こんにちは、ブックナビゲーターの矢島雅弘です。
今回ご紹介するのは、アドラー心理学を元にした「心のダイエット」の本。
一体どんな内容なのか、早速見ていきましょう。
【あなたの心の健康診断】
さて、この本では、まず最初に「あなたの心の健康診断」と題して20個の質問が出されています。
今から読み上げますので、皆さんもご自分がいくつ当てはまるか、数えてみて下さい。
1.新しい仕事を頼まれたけれど、引き受ける自身がもてない
2.朝起きたときに会社にいきたくない
3.上司に言いたいことがあっても、気を悪くされるのが怖くて言えない
4.ひとつの仕事で失敗すると長く引きずるほうである
5.職場の会議に出ていると疲れてしまう
6.パーティに誘われても、知らない人に会うのは何となく気後れする
7.自分に投資して勉強したいけれど、時間がないから無理だと思っている
8.友人に言われたひと言が心に刺さっていて気になる
9.相手との距離のとり方がわからず不安だ
10.自慢話を聞くと不愉快だけど我慢している
11.人があまり介入してくるとうっとうしい
12.理解してもらえないと腹立たしい
13.他人との価値観の違いに幻滅することがある
14.期待したような反応が返ってこないと不満だ
15.よその家族の話を聞いてうらやましくなる
16.自分の良いところよりも欠点が気になる
17.好意を抱いている異性でも友情以上には踏み出せない
18.自分がどう思われているか不安だ
19.好きな人と自分は釣り合わないと思う
20.人からあまり好かれてない気がする。
……いかがでしたか?
今の20個の質問のうち、8?16個当てはまった方は、「心やせ」タイプ。
日本人に一番多いタイプですが、時々不安定になる部分を本書のレッスンでカバーしましょう。
16個以上当てはまった方は、「心の激やせ」タイプ。
自己主張が少なく、憎まれることはないけれど、周りからお荷物な場合も、都合よく利用されてしまうこともあるそうです。
やはり本書のレッスンが有効です。
当てはまったのが7個以下の方は、「心デブ」タイプ。
自分はいつも上機嫌、でも、相手からは無神経、お調子者、利己的と思われるタイプです。

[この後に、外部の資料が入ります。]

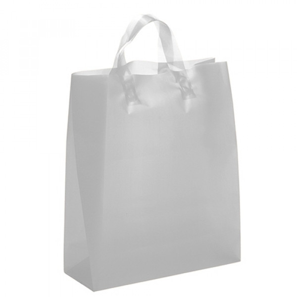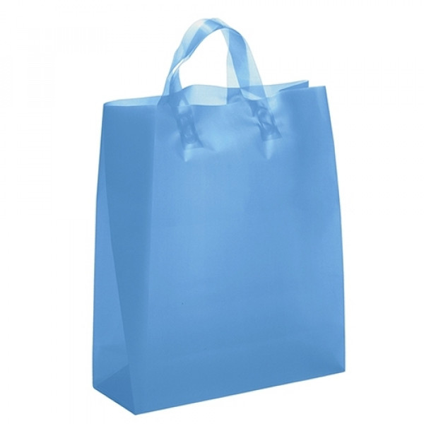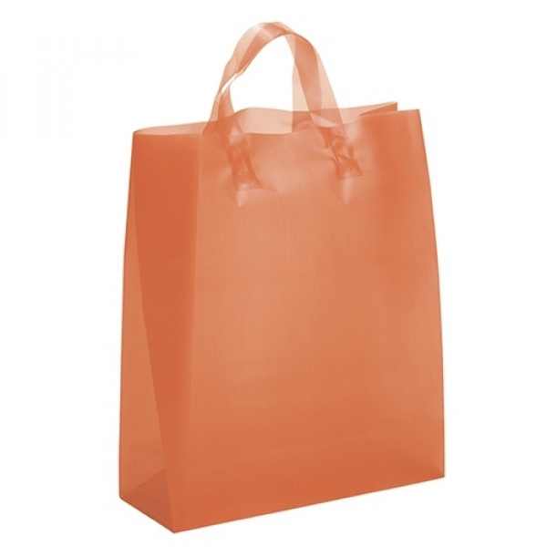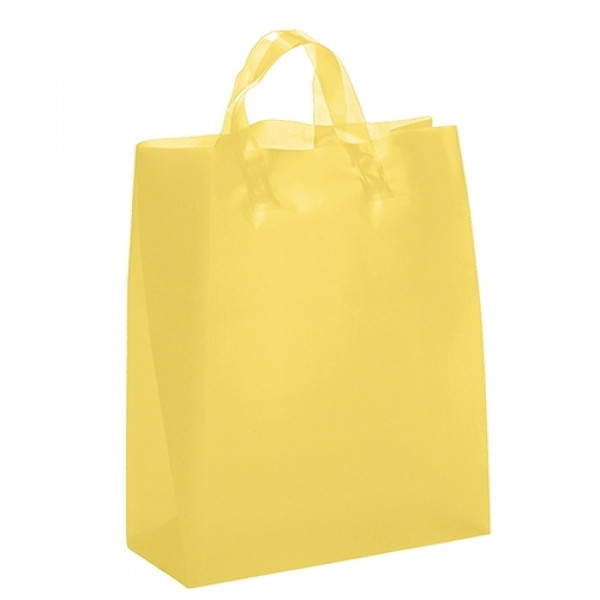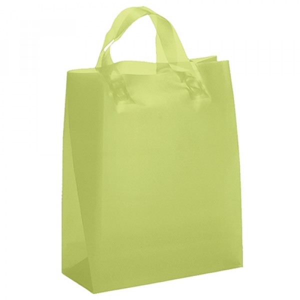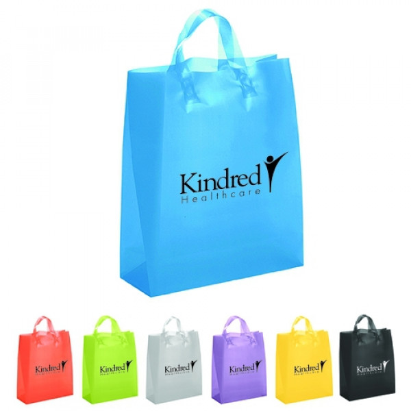 Hi-density 13" frosted bright color plastic ink imprint shopping bag with matching fused loop handles, side and bottom gussets and cardboard bottom insert. 3.0 mil thick.::One color imprint recommended. Please call for information on multiple color imprint options.

自信過剰な傾向があるので、本書のレッスンを通してバランスを整えましょう。
【矢島の心の健康診断結果】
皆さんは、どのタイプに当てはまったでしょうか?
僕はですね……19個当てはまりまして……「心の激やせ」タイプでした。
こういう質問系で始まる本って多いんですけど、ここまで当てはまったのは初めてで本書を読みながら自分でもビックリです。
【本書の特徴】
この本は、僕らの心が、うれしいときだけでなくて、つらいときでも、元気を取り戻して丈夫な心でいられるように、即効性があるのに無理なくいつまでも続けられるように組み立てられています。
つまり「心のダイエット」と題していますが、リバウンドしないようにしてあるんですね。

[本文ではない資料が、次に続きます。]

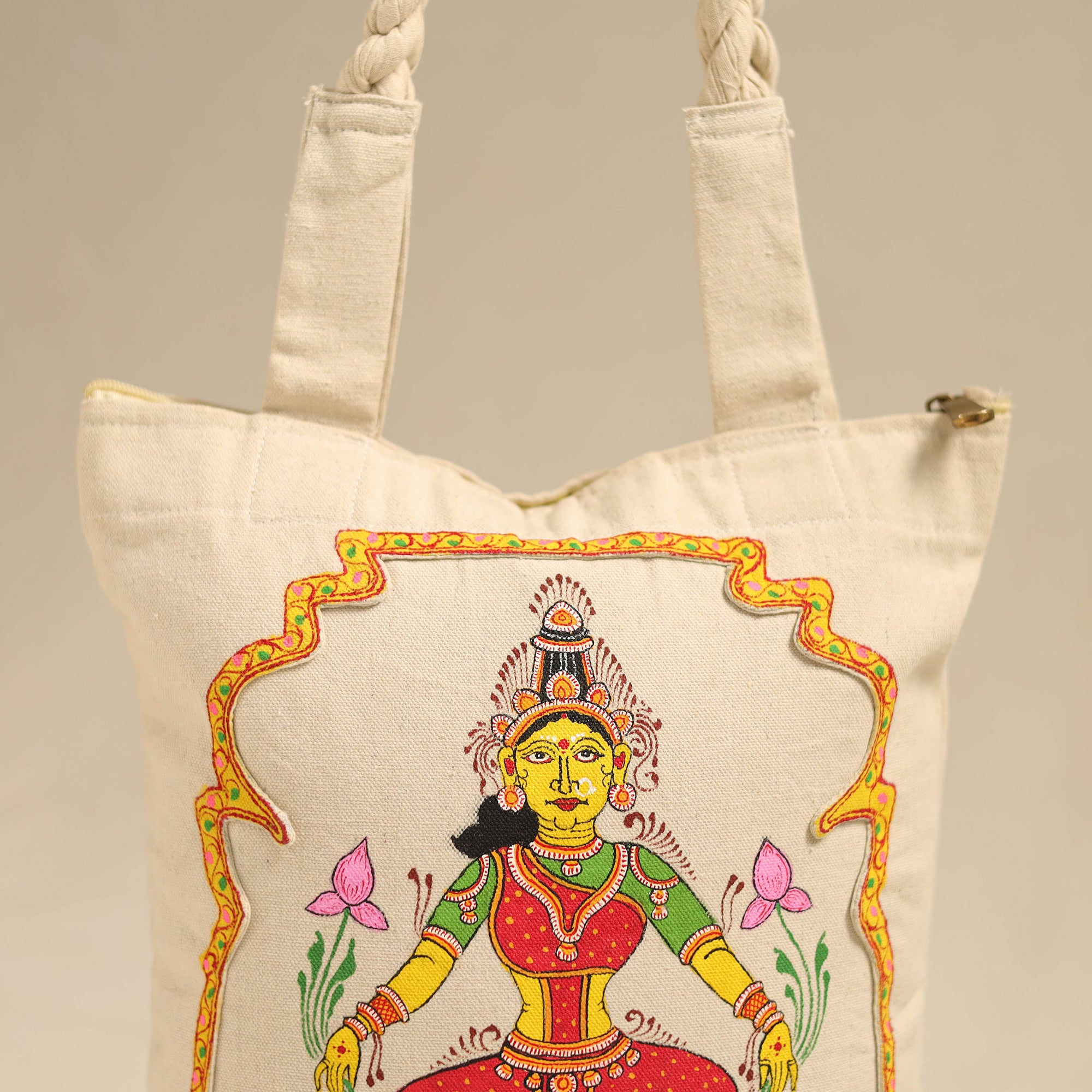 Step out in style with this beige pattachitra handpainted shoulder bag from Odisha. Crafted from canvas cotton adorned with intricate handpainted designs. It features a inside two pockets and spacious compartment for all your essentials.

この本は3章55項目+1章5項目で構成されていて、それぞれの項目が「心のダイエット」レッスンとなっています。
最初の3章55項目を1章10日ペース、つまり30日間で行うことにより、僕らの中で「心のダイエット」を習慣化してしまいましょう、という狙いなんですね。
なお、タイトルにもありますが、この本のレッスンは今流行のアドラー心理学をベースに作られています。
アドラー心理学では、困難にめげずほどよく心のバランスをとって、幸福を手に入れる条件を、「自信」「勇気」「リラックス」の3つで示しています。
この本はこれを心のダイエット必要3栄養素と呼び、1章では「自信」、2章では「勇気」、3章では「リラックス」を手に入れることができるようにまとめられています。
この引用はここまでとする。